"Legenden: (...) Im 8. Jahrhundert v.Chr. verfasste der Dichter Homer die ersten schriftlich fixierten poetischen Epen: die ILIAS und die ODYSSEE. (...) Die
tatsächlichen Ereignisse des Trojanischen Krieges haben vier Jahrhunderte vor Homer stattgefunden, zu einer Zeit, als die griechische Welt von Königen beherrscht wurde, die in prächtigen und von
starken Mauern geschützten Palästen wohnten. Obwohl diese Königreiche eine reiche Kultur hatten, verfügten sie über keine schriftlich fixierte Literatur. So wurden die Heldentaten um Troja von
den Dichtern von einer Generation zur anderen mündlich weitergegeben. Diese frühe Dichtkunst sollte den königlichen Hof unterhalten und den Zuhörern als vorbildliches Beispiel dienen, denn obwohl
die Ereignisse, von denen berichtet wurde, schon lange zurücklagen, hielten sich die Zuhörer für Nachfolger der Helden. Es ist also nicht erstaunlich, dass die Dichter ihre Gesänge ausmalten und
mit mythischen Geschichten von Göttern und Ungeheuern ausschmückten. "Reine" Mythen: Der Dichter Hesiod, ein Zeitgenosse Homers, schrieb die THEOGONIE (Göttergenealogie), in der zum ersten Mal
die griechische Version von der Erschaffung der Welt und ihrer Titanen, Götter und Sterblichen aufgeschrieben wurde. (...) Es hat einmal ein 'Goldenes Zeitalter' gegeben, wo Sterbliche und Götter
glücklich und harmonisch miteinander auf der Erde lebten.
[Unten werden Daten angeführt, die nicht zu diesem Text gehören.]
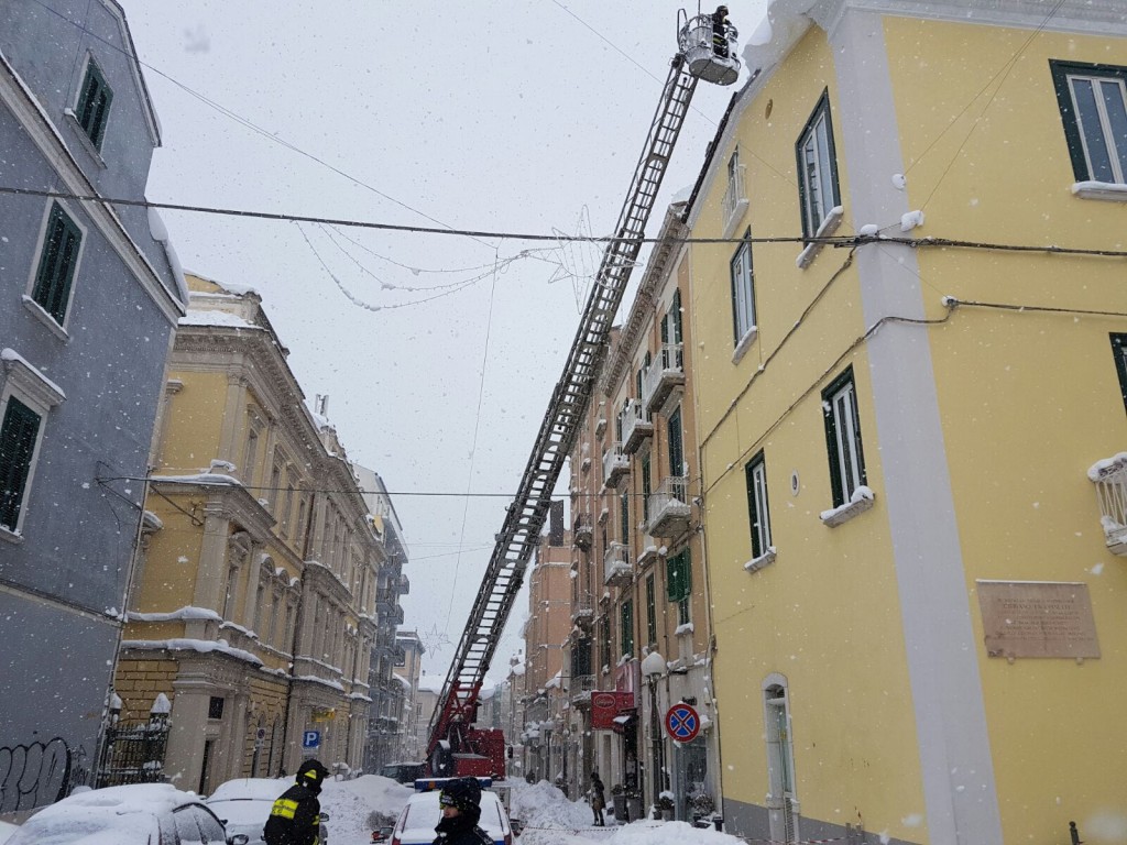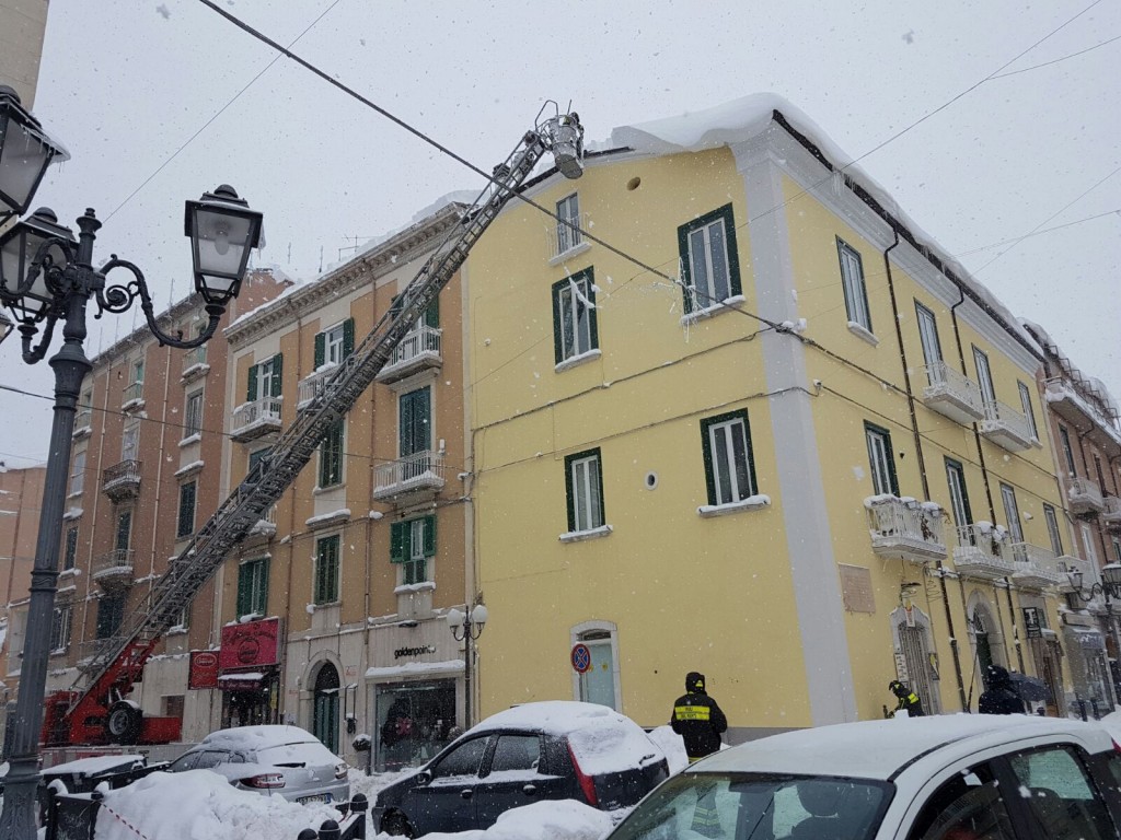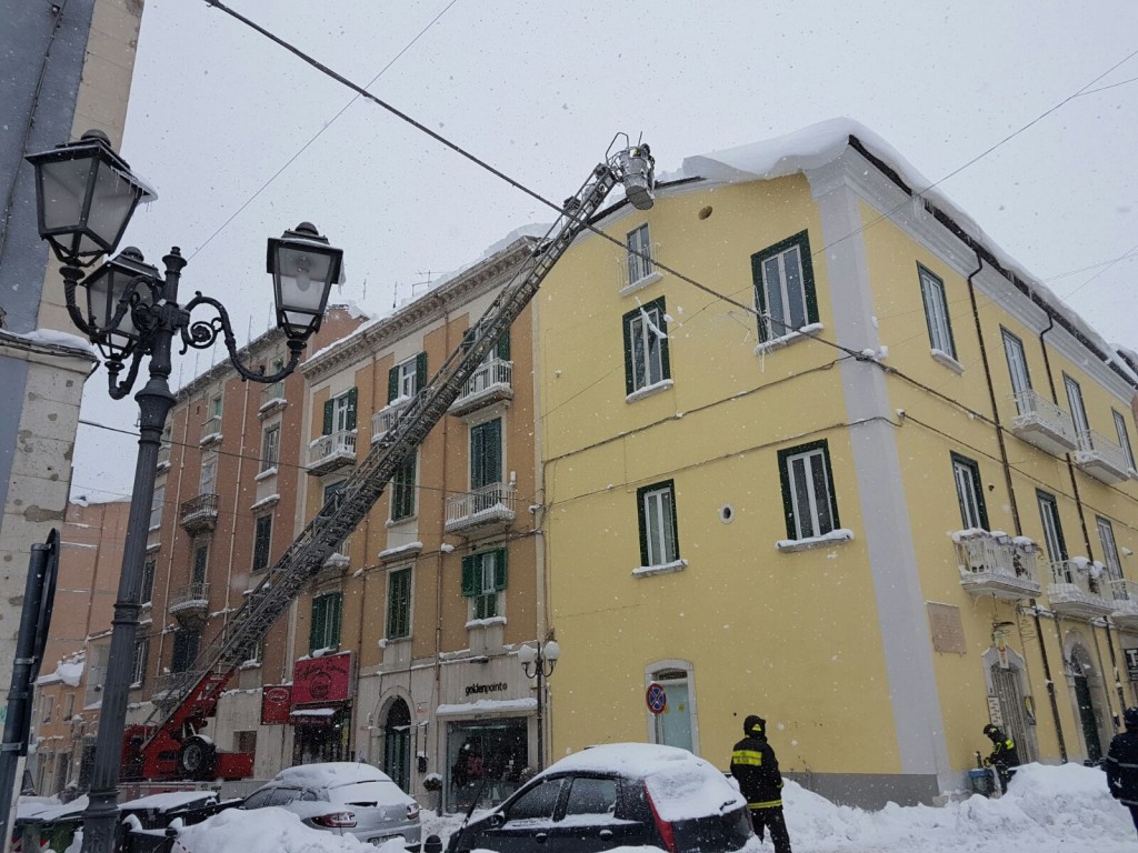 Gli operai della municipalizzata del Comune stanno lavorando per tenere pulite le strade del centro e della periferia e i principali marciapiedi. Ma si continua a lavorare anche per mettere in sicurezza pedoni e vetture attraverso l’eliminazione dai cornicioni dei palazzi delle stalattiti di ghiaccio e dei cumuli di neve. Ai mezzi in dotazione ai Vigili del Fuoco, a cui sono andatii i ringraziamenti dell’amministrazione del capoluogo “per il lavoro che stanno effettuando”, si aggiungono quelli messi a disposizione dal Comune: due elevatori con cestello che permetteranno di effettuare maggiori interventi nel capoluogo.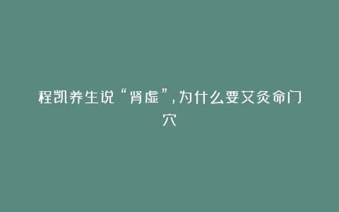 如果您肾虚了,肾虚腰痛、生殖功能、泌尿功能出现问题,以及主骨生髓的功能出现问题,包括神志功能出现异常的时候,不妨试试艾灸一下命门穴吧。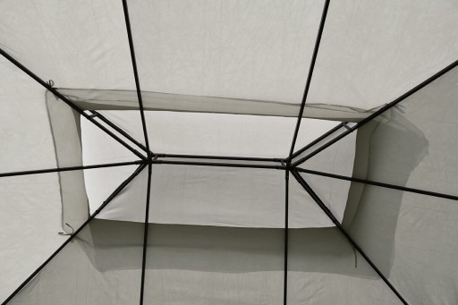 Wodoodporny dach z wywietrznikiem zapewnia skuteczną ochronę przed deszczem i słońcem, jednocześnie umożliwiając optymalną cyrkulację powietrza. Wyposażony w otwory wentylacyjne z moskitierą, skutecznie chroni przed owadami, zachowując przewiewność i komfort użytkowania. Wykonany z trwałego poliestru o wysokiej gramaturze 230 g/m?.
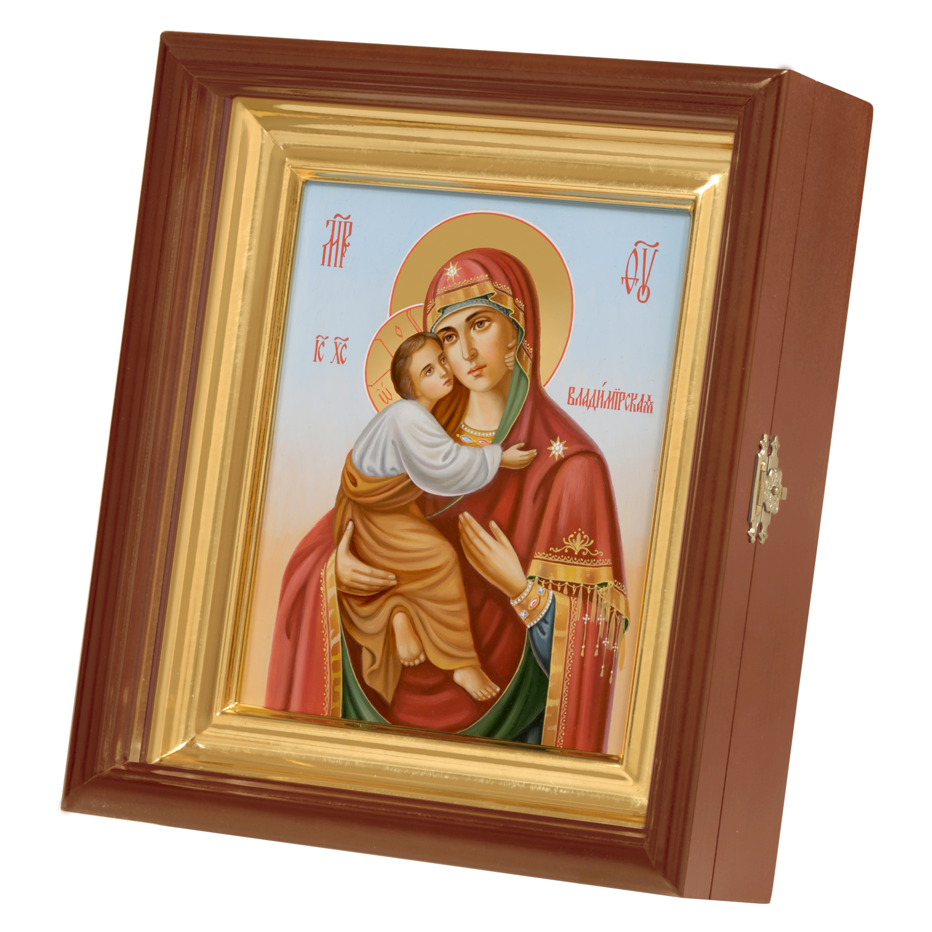 Икона живописная на доске в киоте 18х24 масло, золоченый нимб, киот №1 Владимирская БМ, 05614

Mutter Erde erzeugte alles, was die Menschen brauchten, und der Mensch brauchte nicht zu arbeiten. (...) Nach Hesiod befand sich die
griechische Kultur auf dem Rückzug vom Goldenen Zeitalter. Aber es gab einen pädagogischen Grund für diesen Mythos: Hesiod wollte mit seinem Gedicht seine königlichen Zuhörer ermahnen, auf Gewalt
und Unfrieden zu verzichten, so dass das Goldene Zeitalter von Neuem Einzug im Leben der Menschen halten würde. (...) Ob die Griechen selbst an ihre Mythen glaubten, ist heute schwer zu
entscheiden."
David Bellingham: "DIE GRIECHEN. KULTUR UND MYTHEN" (2008)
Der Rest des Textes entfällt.